— EXCERPTED RECORDS —
- - - -

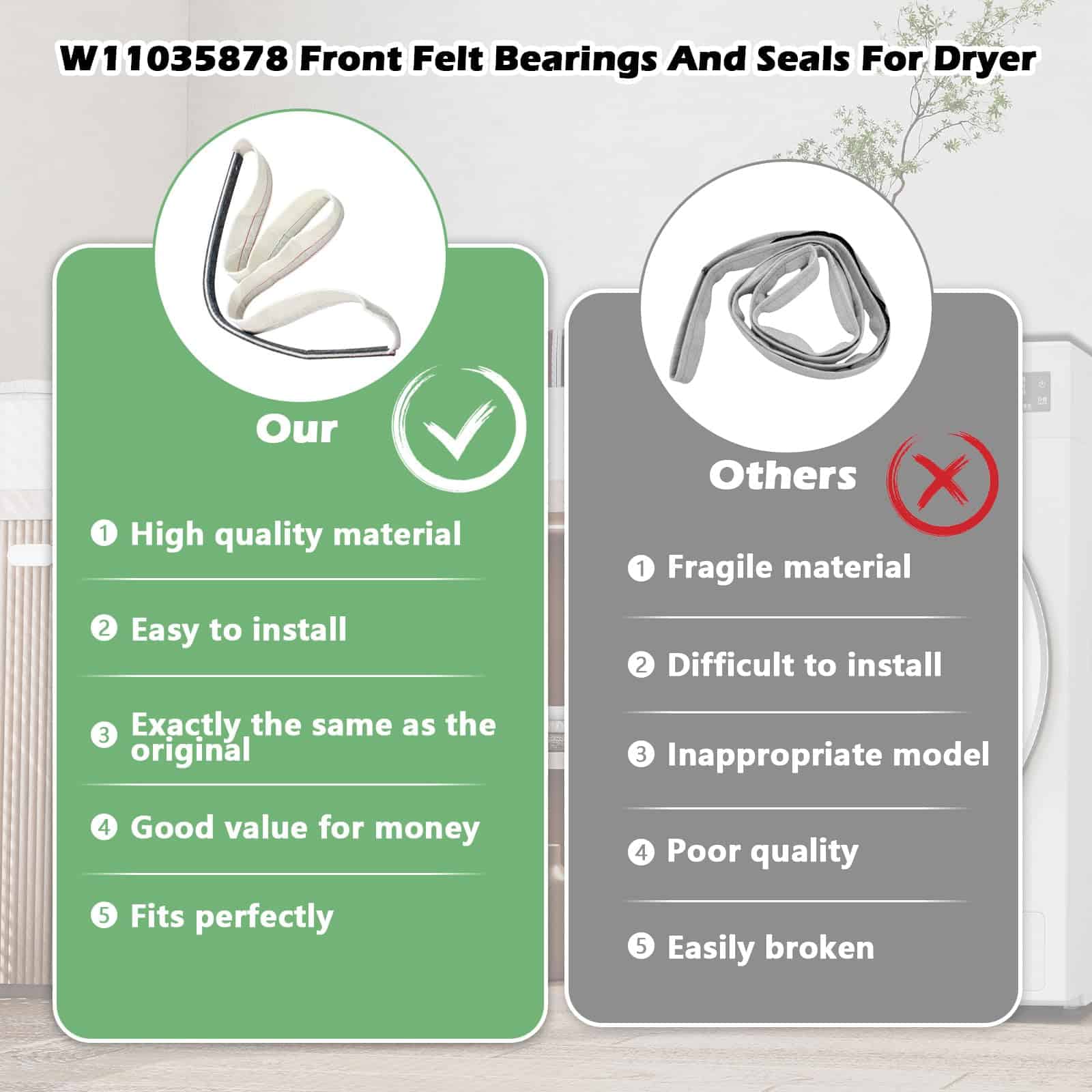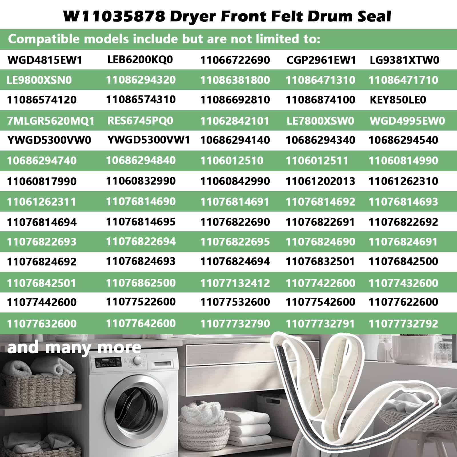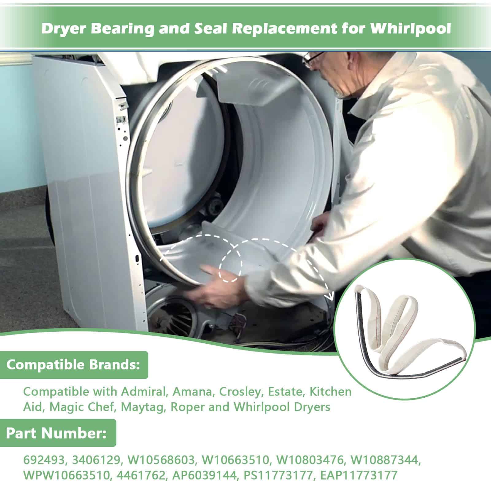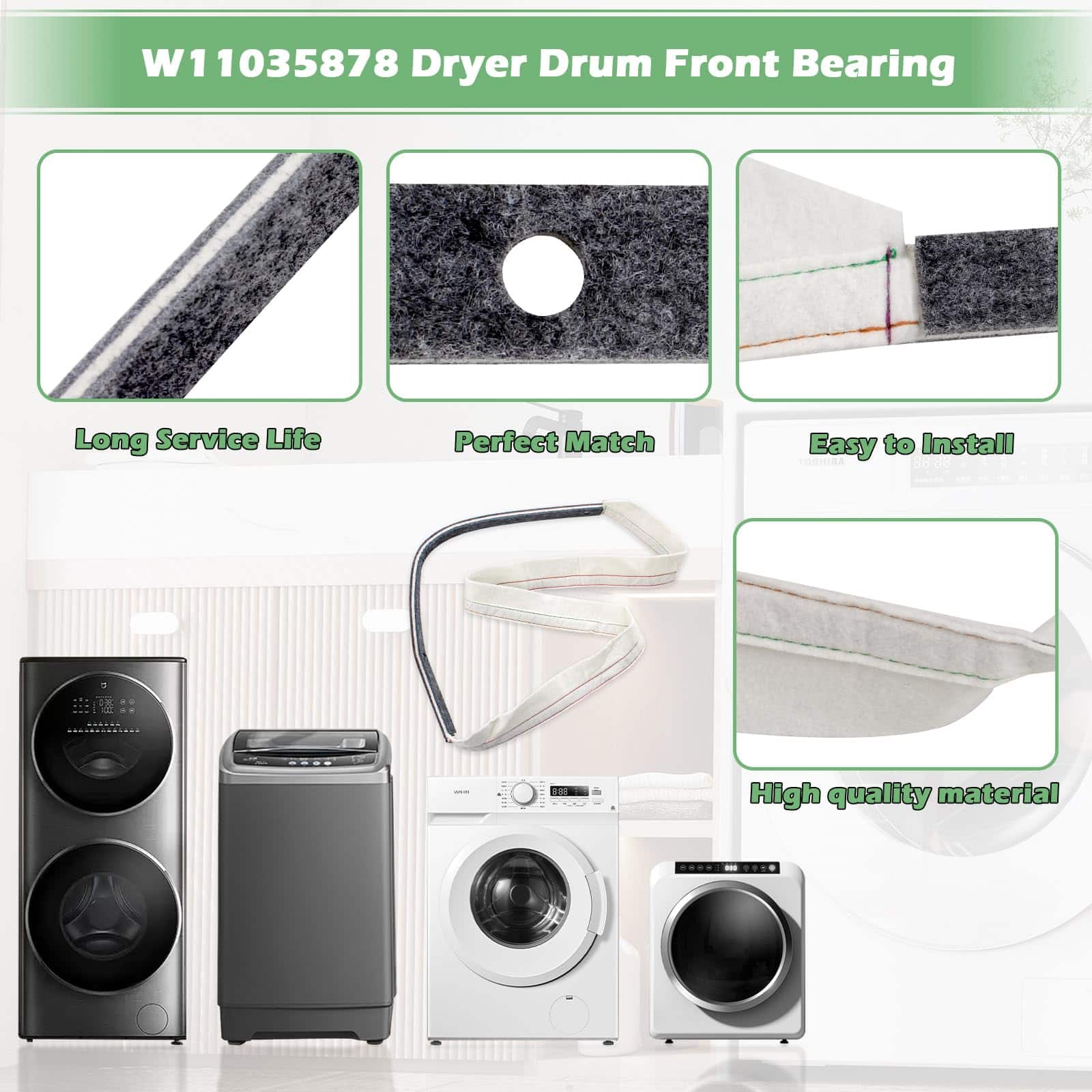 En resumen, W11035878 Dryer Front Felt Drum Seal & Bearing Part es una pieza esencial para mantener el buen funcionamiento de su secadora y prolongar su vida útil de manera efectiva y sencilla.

- - - -

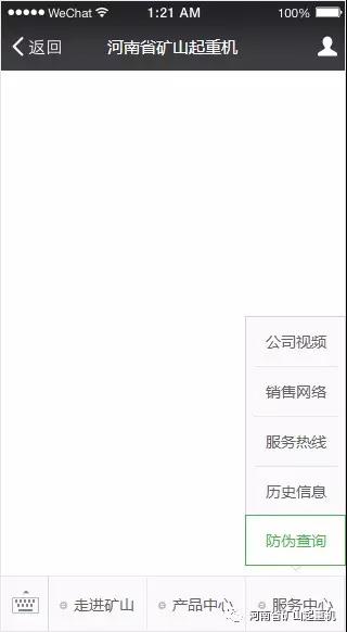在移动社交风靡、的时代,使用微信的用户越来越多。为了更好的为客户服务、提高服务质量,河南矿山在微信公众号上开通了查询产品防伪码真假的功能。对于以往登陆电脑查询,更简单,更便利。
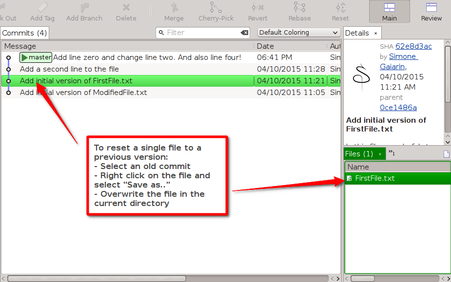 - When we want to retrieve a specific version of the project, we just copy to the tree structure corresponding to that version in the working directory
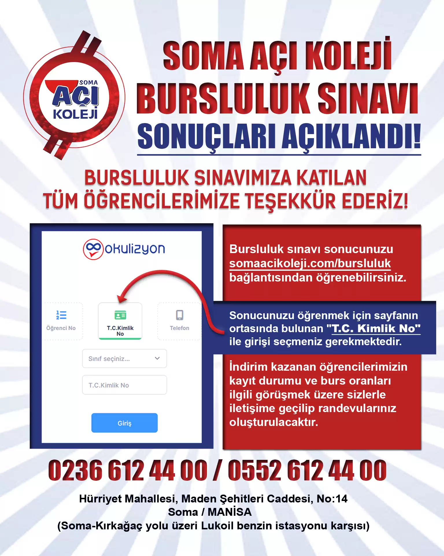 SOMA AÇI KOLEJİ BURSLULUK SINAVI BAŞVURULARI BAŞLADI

- - - -

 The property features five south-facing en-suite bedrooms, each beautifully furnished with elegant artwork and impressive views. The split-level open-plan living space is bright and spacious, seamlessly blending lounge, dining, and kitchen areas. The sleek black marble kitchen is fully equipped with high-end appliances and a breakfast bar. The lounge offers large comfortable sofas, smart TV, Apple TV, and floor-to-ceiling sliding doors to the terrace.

- - - -

Given the records above, return the lines starting at the one that holds "在移动社交风靡、的时代,使用" and ending at the one that holds "SOMA AÇI KOLEJİ", exactly, and nothing besides; leave every picture out.

— EXPECTED ANSWER —
在移动社交风靡、的时代,使用微信的用户越来越多。为了更好的为客户服务、提高服务质量,河南矿山在微信公众号上开通了查询产品防伪码真假的功能。对于以往登陆电脑查询,更简单,更便利。
 - When we want to retrieve a specific version of the project, we just copy to the tree structure corresponding to that version in the working directory
 SOMA AÇI KOLEJİ BURSLULUK SINAVI BAŞVURULARI BAŞLADI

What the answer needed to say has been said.